そのような方がお勤めの会社は、法律違反をしているわけではなく、以降の章で説明する36協定を締結しているからだと考えられます。
(3)36協定の締結
◆事前届出(一般)
法定労働時間以上や法定休日に労働させる場合、事前に従業員の代表と36協定を締結する必要があります。
ここで、「36協定」とは労働基準法の第36条に規定されていることが名前の由来になっています。
36協定届を厚生労働省のHPよりDLし、労働基準監督署へ届出をすることで行えます。
なお、36許定届を提出したからといって働かせ放題というわけではありません。従業員を守るための法律が規定されています。
具体的には、協定届を提出したとしても法定時間外の労働は月45時間、年360時間までとされています。
◆事前届出(特別条項)
次に、特別条項付き36協定届を提出した場合、以下のように規制が一部緩和されます。
・年6回までなら月45時間超過可
・時間外労働:年720時間以内
・法定休日+時間外労働:月100時間以内
・法定休日+時間外労働:2〜6か月平均80時間以内
◆割増賃金
法定労働時間以上の労働や法定休日での労働時間などは割増賃金が必要です。
賃金が割増となる割合は条件によって異なります。
具体的には以下の4つに分けられます。
・法定時間外労働:25%増の割増賃金
・法定休日労働:35%増の割増賃金
・深夜労働(22時〜):25%増の割増賃金
・1か月60時間超の時間外労働:50%以上の割増率計算する
法定時間外労働、深夜労働、法定休日労働、法定休日労働+αの場合で賃金が異なります。
例えば、午前9時始業、午後6時終業の会社で時給が1,000円の人が勤務している場合は以下のようになります。
②.勤怠管理
勤怠管理とは、従業員の健康と安全に配慮し、36協定の遵守及び適切な賃金の支払いのため、従業員の労働時間を正確に管理することです。
勤怠管理は以下の2つに分けることができます。
(1)勤怠管理の方法
労働日ごとに始業時刻と終業時刻を記録して、実労働時間を確認するための方法としては、大きく次の4つに分けられると思います。
①オフィスビルの入退館記録
②パソコンのログオン時間
③タイムカード記録
④勤怠管理システム
大手企業だと①②④などを連携させて正確に労働時間を計ることを目指している会社もあります。
(2)賃金台帳の作成
労働基準法第108条で、従業員の給与の支払い状況の管理をするために、使用者は適切な賃金台帳を調整しなければならない、と規定されています。

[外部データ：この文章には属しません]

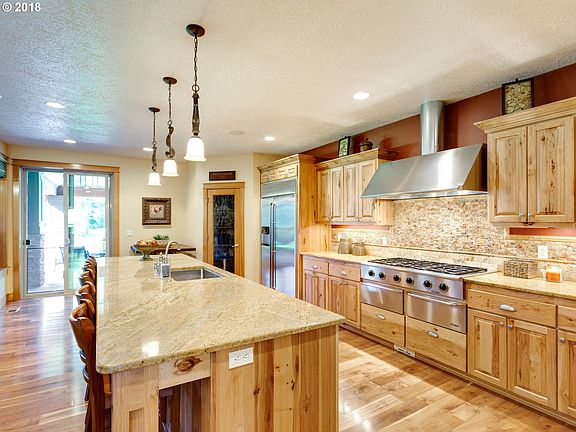 Custom Craftsman sits on 34 private acres, 30 minutes from Mt Hood, with easy access to shopping & recreation. Featuring a large covered patio equipped with an outdoor kitchen & over-sized entertainment room with bar. Master suite boasts a dual sided fireplace, massive walk-in closet & patio access. The gourmet kitchen shows off luxurious granite counter tops, Dacor appliances & warming drawers. Lastly, 2400sq ft garage with RV parking!
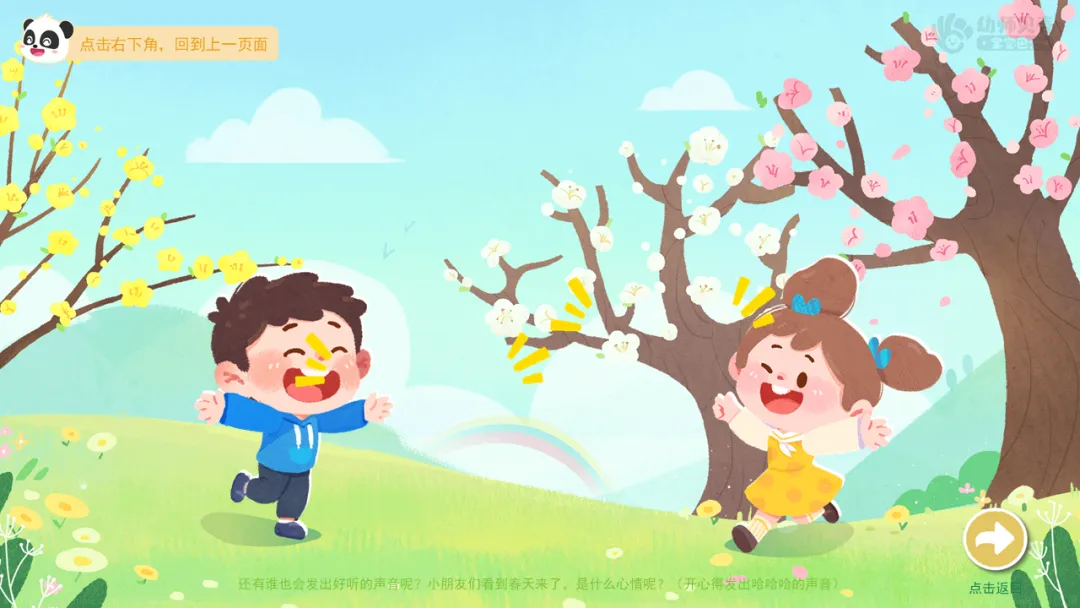 ——还有谁也会发出好听的声音呢?小朋友们看到春天来了,是什么心情呢?(开心得发出哈哈哈的声音)
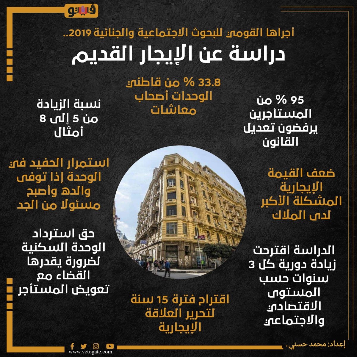 أجراها القومي للبحوث الاجتماعية والجنائية 2019.. دراسة عن الإيجار القديم (انفوجراف)

原則5年(経過措置で当分の間は3年)の期間保存しなければならないこと、一定の必要記載事項が定められています。
③.有給休暇管理
有給休暇管理とは、一定の要件を満たす場合に、法律で定める年次有給休暇を付与するための管理のことです。
有給休暇管理は以下の2つに分けることができます。
(1)有給休暇
・継続勤務要件:雇用から6か月間継続して勤務していること
・出勤率:継続勤務要件の期間の全労働日の80%以上の出勤をしていること
上記の要件を満たした場合、10日以上の有給休暇を付与し、年5回以上取得させる必要があります。
また、1年毎に1日ずつ増やすようにし、3年目以降は2日ずつ付与日数が増え、最大で20日間付与されます。
なお、法律で定めるミニマムの条件であるため会社によって有給休暇のルールは変わってきます。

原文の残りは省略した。